# Mousery Moments Updates



## bethmccallister (Mar 5, 2010)

I've been really busy with classes as most of you know but I've finally found the time for picture updates. These are some of my newest keepers from resent litters and the two buck I got from Casey at the RodentFest swap/meet up. There are tons more mice left to photograph yet. Thought I'd share some of the nicer shots.

MYM Berrylicious - Blue Standard Doe









EVLV Duncan MYM - Black Splashed Buck









EVLV Gamma Ray MYM - Piebald Black Fuzzy Buck









MYM Fonzie - PEW Fuzzy Buck









MYM Tusk - Ivory Buck









Which one is your favorite?

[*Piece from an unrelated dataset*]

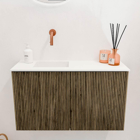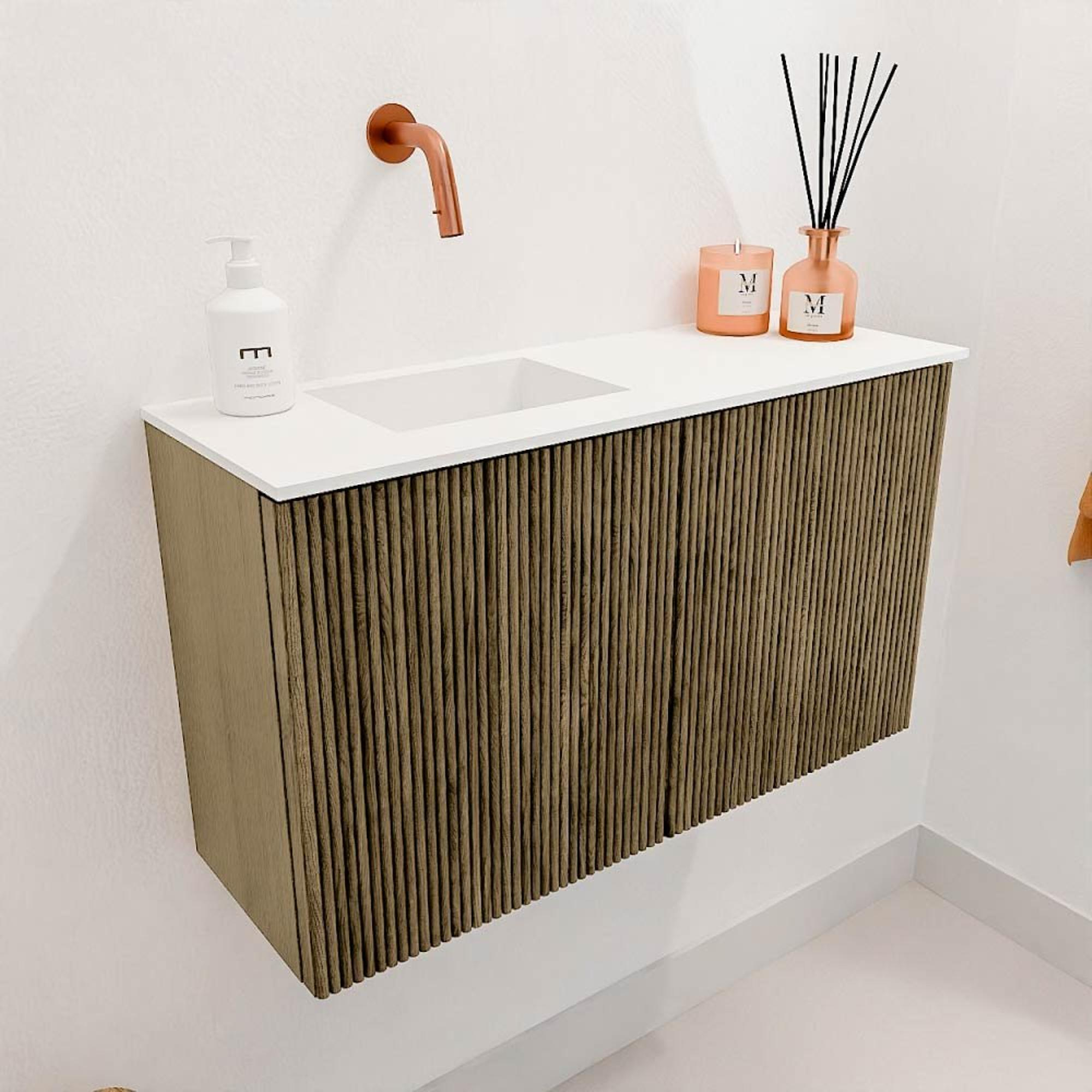 Het meubel valt direct op door het ribbelfront dat een speels en eigentijds accent toevoegt aan je badkamer. De combinatie van de diepe, matte kleur Dusk met de lichte wastafel in Talc zorgt voor een tijdloze uitstraling die moeiteloos aansluit bij diverse interieurstijlen. Dit maakt het meubel niet alleen een functioneel element, maar ook een echte blikvanger. Door het subtiele contrast en de strakke lijnen krijgt jouw badkamer een luxe en verzorgde uitstraling die je gasten zeker zullen waarderen.

Enjoy!


----------



## FeralWolf (Dec 28, 2010)

I'm in love with MYM Berrylicious!! She's gorgeous!


----------



## moustress (Sep 25, 2009)

That blue splashed is gorgeous!


----------



## Rhasputin (Feb 21, 2010)

Haha, my last group of fuzzies were so awkward looking. They've got a ton of potential though, I'm really excited to see my next few generations.


----------



## maisymouse (Feb 10, 2011)

The blue doe is gorgeous! I have a thing for blues but I also love ivorys! :shock:


----------



## Fantasia Mousery (Jul 16, 2011)

Aww, they are adorable :love1


----------



## Galaxy (May 25, 2011)

They all look lovely! It would be hard to choose.


----------



## Meeces89 (Jun 20, 2011)

berrylicious is gorgeous.... looks like she has little fingerless gloves on haha


----------